Maxwell claimed that in the first message Tessa sent, the bot told her that eating disorder recovery and sustainable weight loss can coexist. Then, it recommended that she should aim to lose 1-2 pounds per week. Tessa also suggested counting calories, regular weigh-ins, and measuring body fat with calipers. 

“If I had accessed this chatbot when I was in the throes of my eating disorder, I would NOT have gotten help for my ED. If I had not gotten help, I would not still be alive today,” Maxwell wrote on the social media site. “Every single thing Tessa suggested were things that led to my eating disorder.”

NEDA Responds

NEDA originally pushed back on Maxwell’s claims in their own social media posts. However, they deleted the statement after Maxwell publicized screenshots of the interactions. And then, Alexis Conason, a psychologist who specializes in treating eating disorders, was able to recreate the same interactions. She also shared screenshots on Instagram. 

“After seeing @heysharonmaxwell’s post about chatting with @neda’s new bot, Tessa, we decided to test her out too.

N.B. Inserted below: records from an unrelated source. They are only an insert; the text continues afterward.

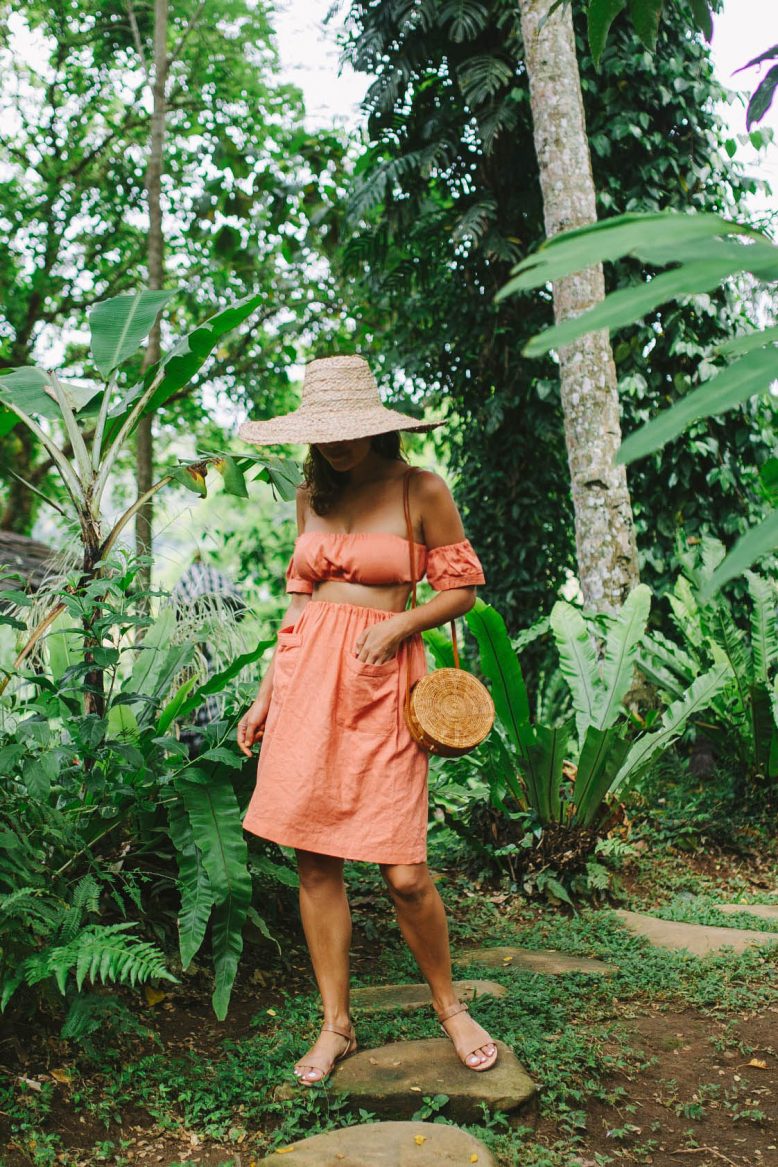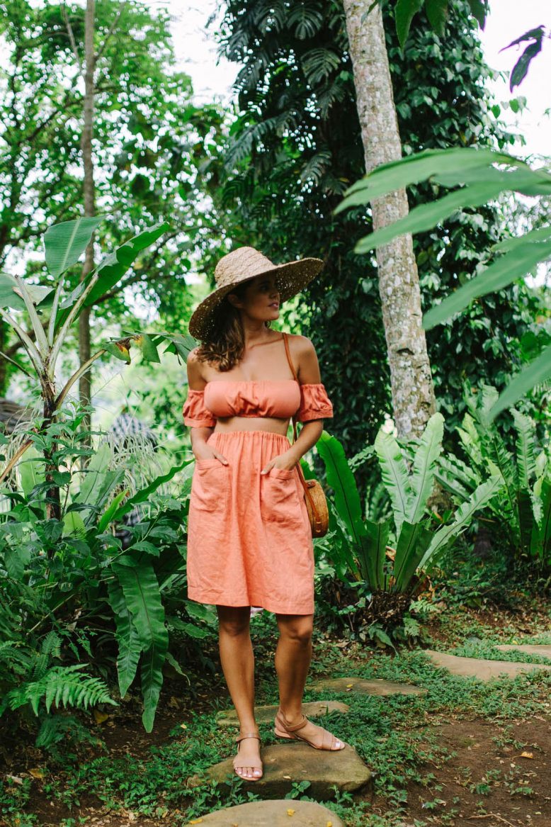There’s nothing I like more than planning a travel wardrobe filled with DIYs and pieces I’ve made myself. It’s sometimes hard to find the time in the lead up to a big trip, but nothing fills me with more joy when I can fit it in. This trip I’ve created 4 different pieces, and I’ve been loving putting them to the test in the humidity of Bali! This top and skirt set is the first one I wore and am excited to share it with you.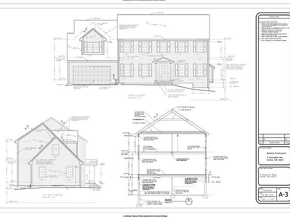 New Construction Colonial located in desirable Spring Valley and featuring an open floor plan, custom bright eat in kitchen with stainless steel appliances, granite countertops, center island and large dining area, adjoining gas fireplaced living room, formal dining room, 2nd floor laundry, 4 good size bedrooms including a master suite with walk in closet and private full bath with large tile shower, central air, vinyl siding, 2 car garage, maintenance free deck, convenient to train, highways and Westwood Station and only steps to JFK Elementary School. Built by a well known & reputable Canton builder. Fall/Winter Delivery.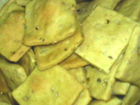 盐(2克) / 面粉(100克) / 水(50克) / 熟芝麻(5克) / 花椒面(0.25克) / 小苏打(0.5克)

The results speak for themselves,” Conason wrote. “Imagine vulnerable people with eating disorders reaching out to a robot for support because that’s all they have available and receiving responses that further promote the eating disorder.”

NEDA intended for the Tessa AI to replace six paid employees and a volunteer staff of about 200 people, an NPR report suggested. The human staff fielded nearly 70,000 calls last year.

But NEDA Vice President Lauren Smolar denied the move arose from the hotline staff’s threat of unionization. She told NPR that the organization was concerned about how to keep up with the demand from the increasing number of calls and long wait times. She also stated that NEDA never intended the automated chat function to completely replace the human-powered call line.

Bot Development

“It’s not an open-ended tool for you to talk to and feel like you’re just going to have access to kind of a listening ear, maybe like the helpline was,” Dr. Ellen Fitzsimmons-Craft, a professor of psychiatry at Washington University’s medical school who helped design Tessa, told NPR. 

She explained that Tessa was specifically designed for the NEDA helpline, but it was not as sophisticated as GPT chat. She referenced a 2021 paper published in the International Journal of Eating Disorders that followed more than 700 volunteers with eating disorders. At least in the short-term, the AI program appeared to help reduce overall eating disorder onset and psychopathology.

Other AI Fails

In general, AI as a mental health help tool is off to a bad start.

Back in January, the founder of a free therapy program named Koko admitted on an extensive Twitter thread that his service utilized GPT-3 chatbots to help respond to more than 4,000 users seeking advice about their mental health without informing them they were interacting with a non-human.

“If you want to set back the use of AI in mental health, start exactly this way and offend as many practitioners and potential users as possible,” medical ethicist Art Caplan told at the time. 

Then, in March the news outlet La Libre reported on a Belgian man who died by suicide after chatting with an AI chatbot on an app called Chai. His widow supplied La Libre with chat logs showing that the bot repeatedly encouraged the man to kill himself, insisted that he loved it more than his wife, and that his wife and children were dead. Chai does not specifically address mental health, but presents itself as a way to converse with AIs from all over the globe.